Project Include promotes a comprehensive approach that touches every part of a company, including culture, operations, hiring, promotion, compensation, and leadership accountability. This requires sustained effort and clear ownership. CEOs play a critical role in this process. Without their active involvement and long term commitment, diversity and inclusion initiatives rarely succeed. The organization’s work reinforces that real change is not fast or easy, but it is possible with focus and integrity.
Accountability through Data and Measurement
Good intentions alone are not enough to drive progress. Project Include places strong emphasis on accountability, supported by data and benchmarks. Companies are encouraged to measure outcomes, listen to employee experiences, and track progress honestly. Comprehensive surveys and transparent reporting help leaders understand where gaps exist and where improvement is needed.
This data driven approach shifts conversations away from defensiveness and toward problem solving. It allows organizations to see diversity and inclusion not as abstract ideals, but as measurable elements of business health. Accountability also signals seriousness. When leaders are willing to evaluate their own performance, trust begins to grow across teams.

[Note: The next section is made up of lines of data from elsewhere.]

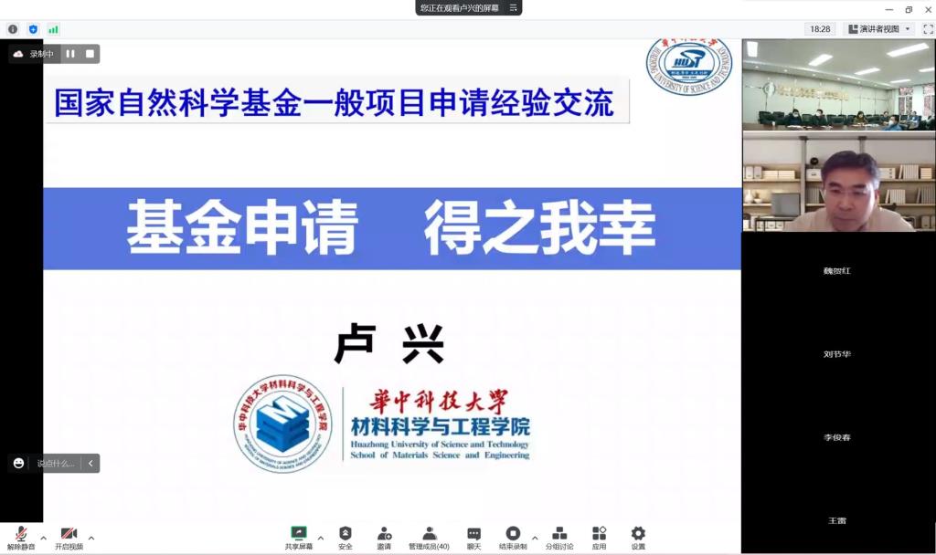 12月7日下午,华中科技大学卢兴教授应邀以在线会议的形式为九游体育官网全体教师做了题为《国家自然科学基金申报指导讲座》的专题报告。报告由九游体育官网副院长罗来马主持,九游体育官网党委书记吕珺教授、副院长周如龙教授及学院近百名教职工参加了报告会。
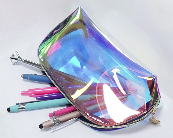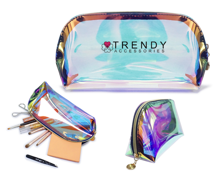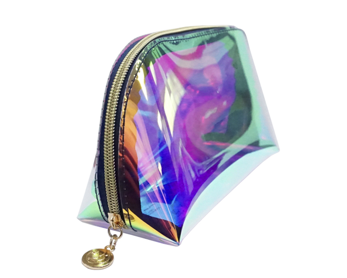 GLAM - Cosmetiquera de efecto tornasol. Material repelente al agua. Cuenta con cierre metálico.
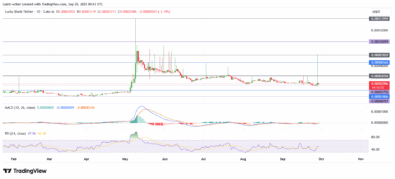 LBLOCK/USDT Price Forecast – September 30, 2025 Lucky Block price forecast shows the market remain locked in a prolonged accumulation phase. Lucky Block Key Levels Support Levels: $0.00002750, $0.00001806Resistance Levels: $0.00004268, $0.00006566 Lucky Block Long-Term Trend- Bullish (Daily Chart) The market structure suggests the pair is trading within a large Mitigation Block, having corrected deeply […]
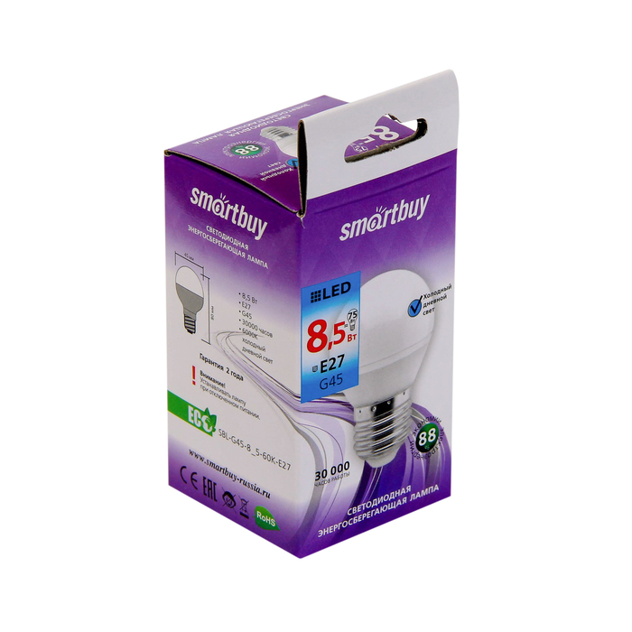 Невозможно представить себе современный мир без электроприборов. Благодаря качественным материалам и работе дизайнеров они способны сделать нашу жизнь комфортнее и порадовать глаз. Лампа cветодиодная Smartbuy, G45, Е27, 8,5 Вт, 6000 К — прекрасный выбор, если вы находитесь в поиске товара, который идеально впишется в ежедневную жизнь и прослужит долго.
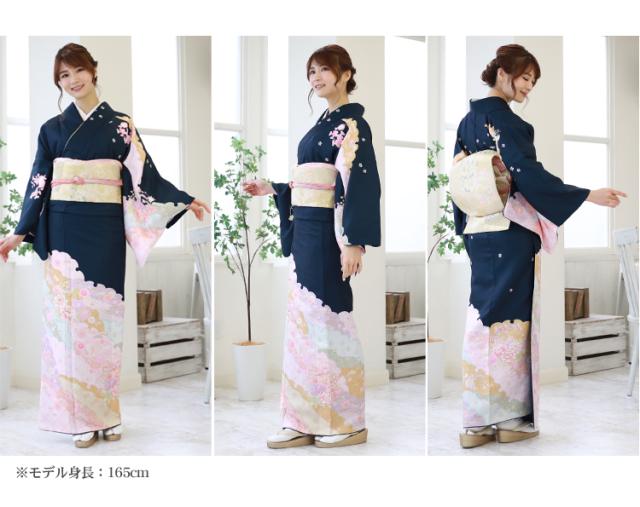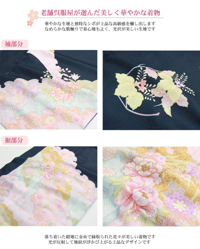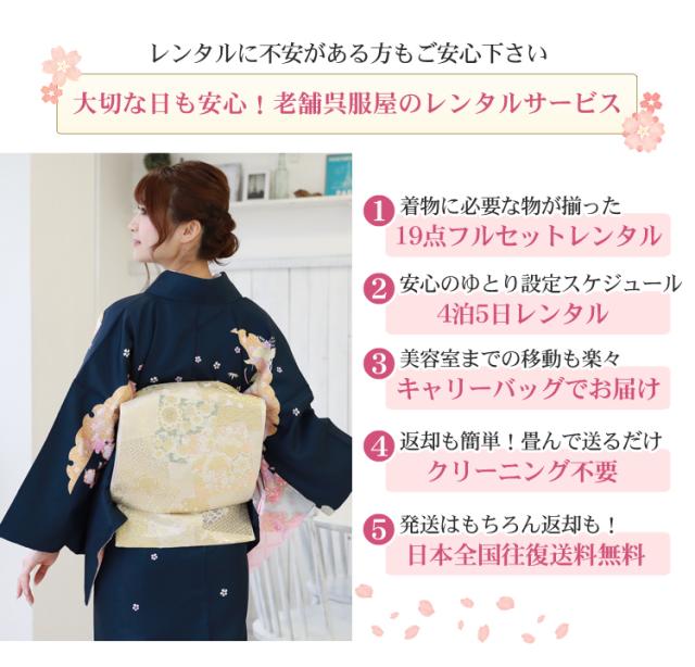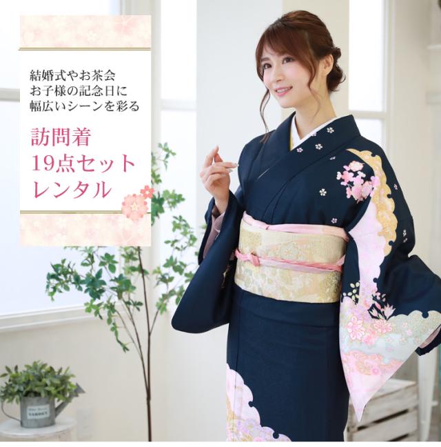 訪問着 レンタル 19点フルコーディネートレンタルセット「濃紺地に花柄と雪輪模様」結婚式 入学式 七五三 ママ
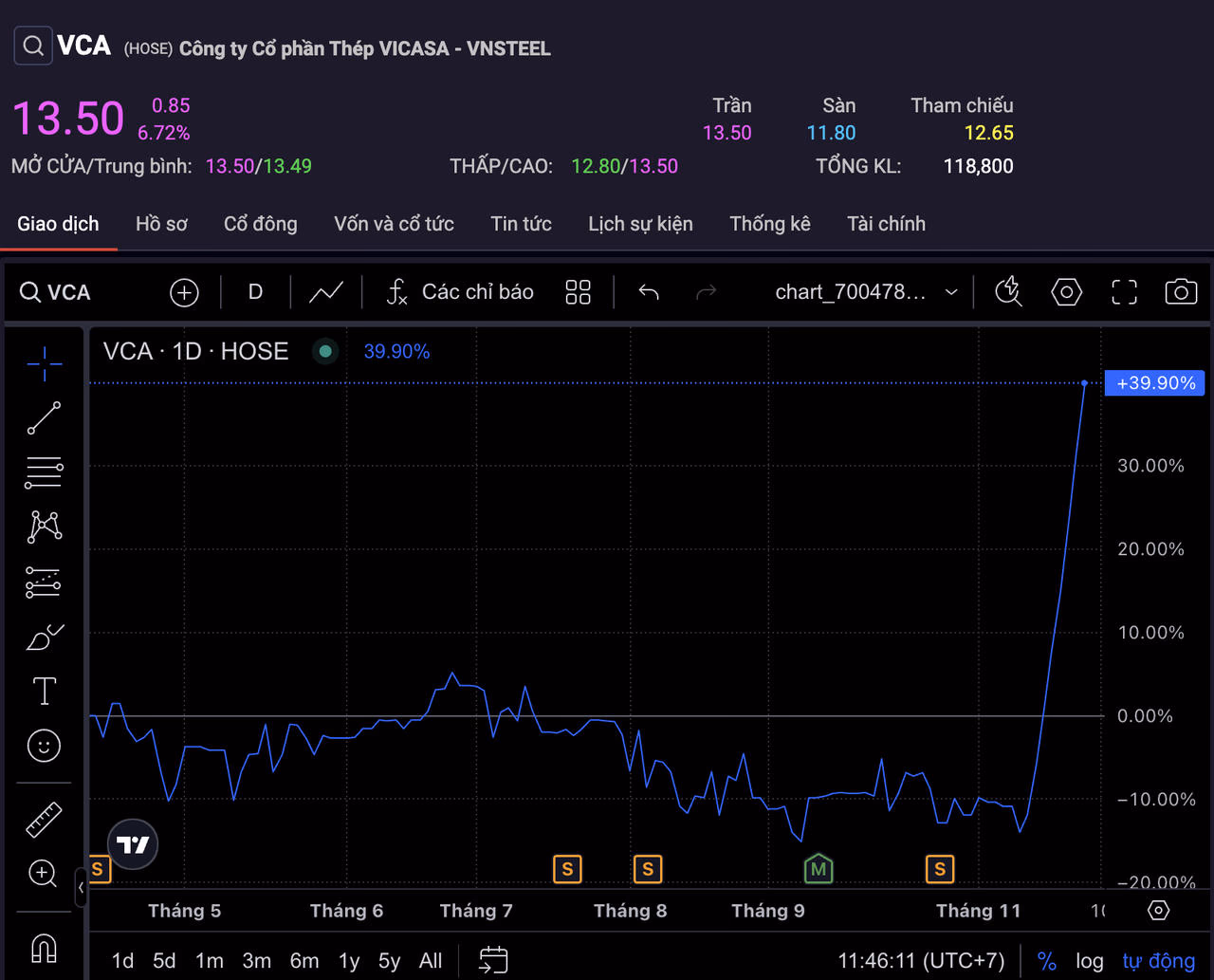 Thị giá của VCA tăng tương ứng từ mức 8.500 đồng/cổ phiếu (giá mở cửa phiên 28/11) lên mức 11.850 đồng/cổ phiếu (giá đóng cửa phiên 4/12). Sau 5 phiên tăng trần này, cổ phiếu VCA chưa hạ nhiệt mà tiếp tục ghi nhận thêm 1 phiên tăng trần nữa. Trong phiên sáng nay (6/12), VCA vẫn trên đà phi mã, cổ phiếu hiện đang giao dịch ở mức 13.500 đồng/cổ phiếu.
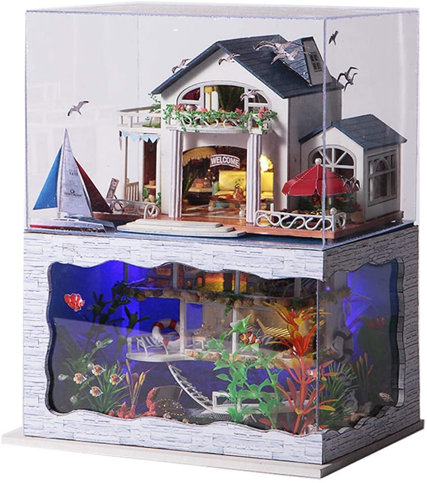 Dollhouse Miniature with Furniture, Wooden Dollhouse Kit Plus Dust Proof - M11 (1:24 Scale Creative Room Idea)
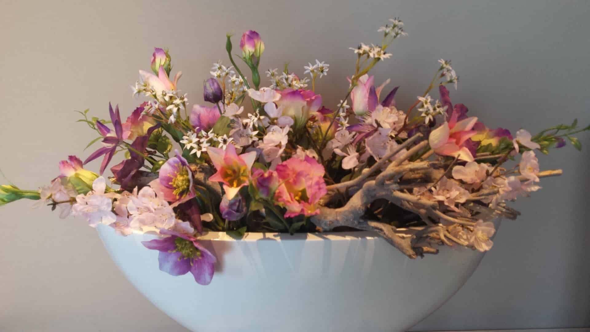 In het bloemstuk zitten lysianthus, tulpen, helleborus, bloesems, clematis en vogelmelk en een vergrijsde tak. Het geheel is fleurig en heeft een koel-roze en daardoor frisse uitstraling.
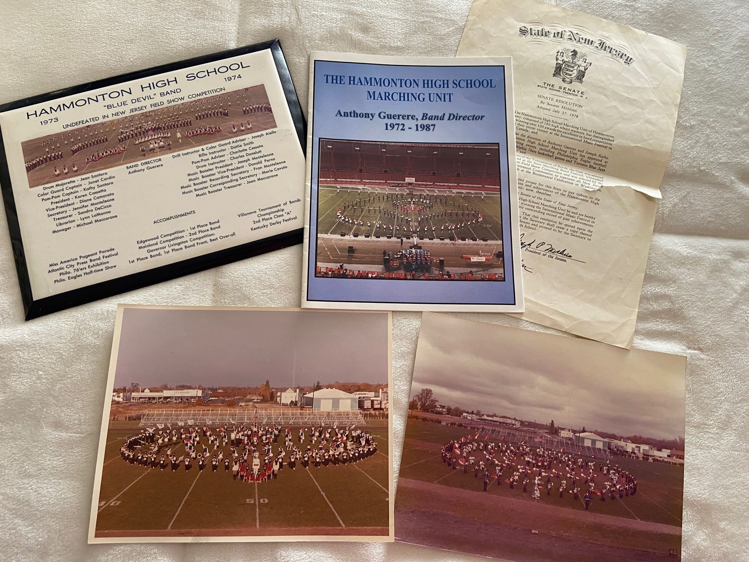 HHS Marching Band Memorabilia 2023.25.3.1- HHS Marching Band Award-Undefeated in NJ Field Show Competition, 1973-74 2023.25.3.2- HHS Marching Band 1972-1987 Honoring Anthony Guerere (2) No 2023.25.3.3- State of NJ Senate recognizing HHS Marching Band- July 1978 2023.25.3.4- Photo of HHS Marching Band- date unknown 2023.24.3.5- Photo of HHS Marching Band- date unknown

Empowering CEOs Employees and the Ecosystem
Project Include recognizes that cultural change cannot rest on one person alone. While CEOs must lead, employees also need tools to advocate for inclusion within their organizations. The nonprofit provides frameworks and resources that help diversity and people operations leaders influence decision makers, even when leadership has not yet made inclusion a priority.
Beyond companies, Project Include calls on venture capital firms and universities to use their influence to accelerate progress. These institutions shape who gets funded, hired, and promoted. By engaging the broader ecosystem, the organization aims to create pressure and support for change at every level of the industry.
A Vision for Lasting Change in Tech
Project Include does not offer a checklist or a universal solution. Instead, it provides guidance rooted in decades of experience building, advising, and leading technology companies. Its recommendations are designed to be adapted, recognizing that each organization faces unique challenges and constraints.
Under Ellen Pao’s leadership, Project Include has become more than an advocacy group. It is a trusted partner for leaders who are ready to confront uncomfortable truths and commit to long term improvement. The organization’s work reminds the tech industry that fairness is not a side initiative. It is a leadership responsibility.
As women leaders continue to shape the future of business and technology, Project Include stands as a testament to what principled leadership can achieve. By insisting on inclusion, comprehensiveness, and accountability, the organization is helping redefine success in tech, not just by who builds the future, but by who is invited to be part of it.